Silk Road tells the true story of Ross Ulbricht; the infamous dark web mastermind better known as his online moniker, “Dread Pirate Roberts”. A brash egomaniac with an ultra-libertarian, anti-government philosophy, Ulbricht created the “Silk Road”, an untraceable Amazon-esque marketplace for narcotics and illegal goods on the internet. The film charts his meteoric rise and fall, in tandem with the unhinged DEA agent who initially found him. Silk Road has a choppy, Wikipedia styled narrative that explores the radical extremes of both men. It could have used a more cinematic flow, but is certainly interesting to see.
We first meet Ross Ulbricht (Nick Robinson) at a bar in San Francisco circa 2011. He rails to his best friend (Daniel David Stewart) against the government for restricting personal freedoms. His diatribe catches the attention of the fetching Julia (Alexandra Shipp). She’s impressed by his brash demeanor and ideology. Ulbricht wants to change the world. He truly believes he’s destined for greatness.

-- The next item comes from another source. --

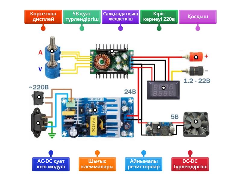 Айнымалы резисторлар, DC-DC Түрлендіргіші, Шығыс клеммалары, Кіріс кернеуі 220в, Қосқыш, AC-DC қуат көзі модулі, 5В қуат түрлендіргіш, Көрсеткіш дисплей , Салқындатқыш желдеткіш.
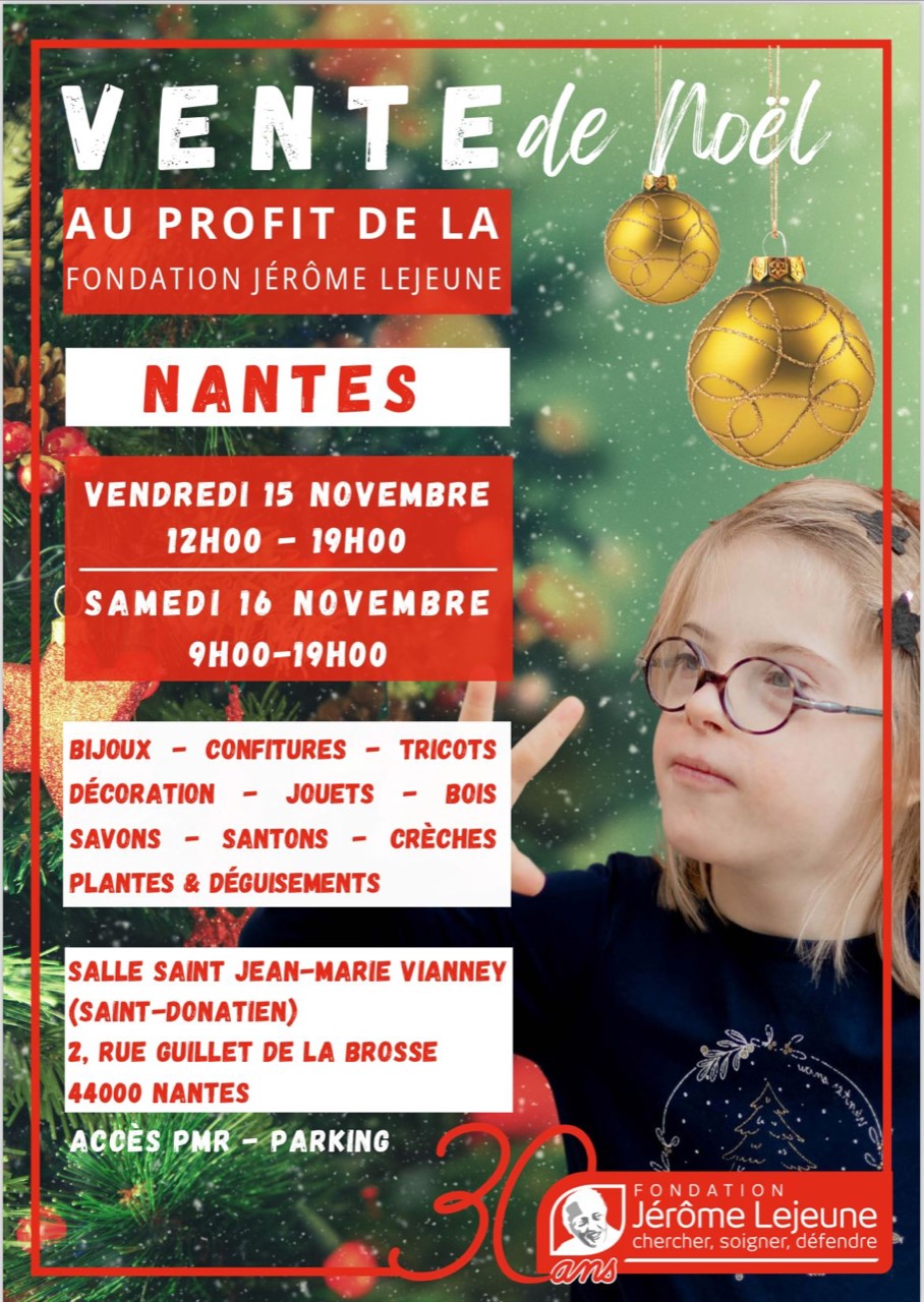 La Fondation Jérôme Lejeune (recherche et soins pour la trisomie 21 et autres déficiences intellectuelles génétiques) organise une vente de Noël à la salle Saint Jean-Marie Vianney (Saint-Donatien) (2 rue Guillet de la Brosse – 44000 Nantes)

Meanwhile in Baltimore, DEA Agent Rick Bowden (Jason Clarke) is released from drug rehab and psychiatric care. He returns to his wife (Katie Aselton) and young daughter (Lexi Rabe) still suffering from his inner demons. Bowden’s hard-charging, tough personality got him in serious trouble. He’s reassigned from undercover operations to desk duty with the cybercrime division.
Ross Ulbricht despised Jeff Bezos and Amazon, but liked their business model. He, Julia, and their friends were all recreational drug users. He comes up with the ingenious idea of hosting an anonymous narcotics exchange on the Tor network. Buyers and sellers would use cryptocurrency, Bitcoins, to pay for transactions. Ulbricht designs the Silk Road marketplace, and as its popularity soars, brands himself as the “Dread Pirate Roberts” to a legion of global admirers.

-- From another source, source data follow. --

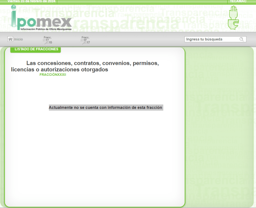 Tampoco es público, ningún contrato de adquisición o servicios, convenio, licencia o permiso de construcción; pese a que la Ley de Transparencia y Acceso a la Información Pública (LTAIPEMM) establece que es obligatorio transparentar dichos documentos.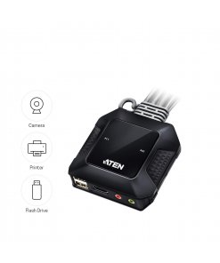 CS22H ATEN מתג KVM כבל HDMI עם 2 יציאות USB ברזולוציה 4K עם בורר יציאות מרחוק ועוד, כולל 12 חודשי אחריות.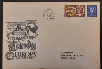 1961 QEII LUNDY local EUROPA CEPT FDC from BARNSTAPLE to London cover puffin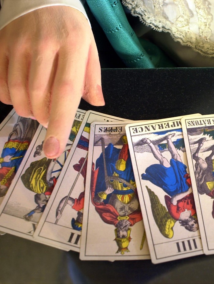 Kartu yang terbuka adalah The Chariot terbalik, Prince Wands terbalik dan Seven Coins. Tampaknya dari kartu yang terbuka ini, dia tidak seberani yang seharusnya. Ada kendala dalam hal mengekspresikan diri, dan terlihat orangnya tidak percaya diri.

The Silk Road website becomes a top priority for the DEA and FBI. But the dark web anonymity shielded “Dread Pirate Roberts” true identity. Rick Bowden, struggling with family issues, makes a bold play. Completely inept at working with computers, he engages an old informant (Darrell Britt-Gibson) to help him navigate the dark web. Setting up a series of events that would lead him and Ross Ulbricht on a collision course.
Silk Road jumps back and forth between Ulbricht and Bowden. The film highlights their aggressive behavior and dangerous need for affirmation. Ulbricht, who had failed in every previous endeavor, was enthralled by the success of the website. He was sticking it to the government while making millions. Bowden couldn’t sit quietly until retirement. He needed to be a part of the action; show the keyboard cops what real law enforcement looks like. Nick Robinson and Jason Clarke play Ulbricht and Bowden as obsessed narcissists. They were willing to cross every line to achieve their goals.
Writer/director Tiller Russell (The Last Rites of Ransom Pride) adapts the film from David Kushner’s Rolling Stone article, “Dead End on Silk Road”. Russell does not believe in smooth editorial transitions. He uses freeze-frames, then hard cuts between the Ulbricht and Bowden storylines. The effect feels jarring, done purposely to add an edge to the pacing. The result is that the film plays out as jumbled chapters. I found it to be a stylistic nuisance that broke up the plot in an unnatural way.
Tiller Russell has a specific viewpoint regarding Ross Ulbricht’s capture and subsequent treatment by the government. I disagree with his assessment and editing choices, but can appreciate the film for summarizing the Silk Road journey. Ross Ulbricht succumbed to criminality and murderous intent, but was indeed a visionary. His exploit of the dark web and use of cryptocurrency did change the world. Audiences unfamiliar with Ulbricht and the Silk Road marketplace will find the film illuminating. Silk Road is a production of Mutressa Movies, Perfect Season Productions, and High Frequency Entertainment. It will be released February 19th theatrically and premium video on demand by Lionsgate.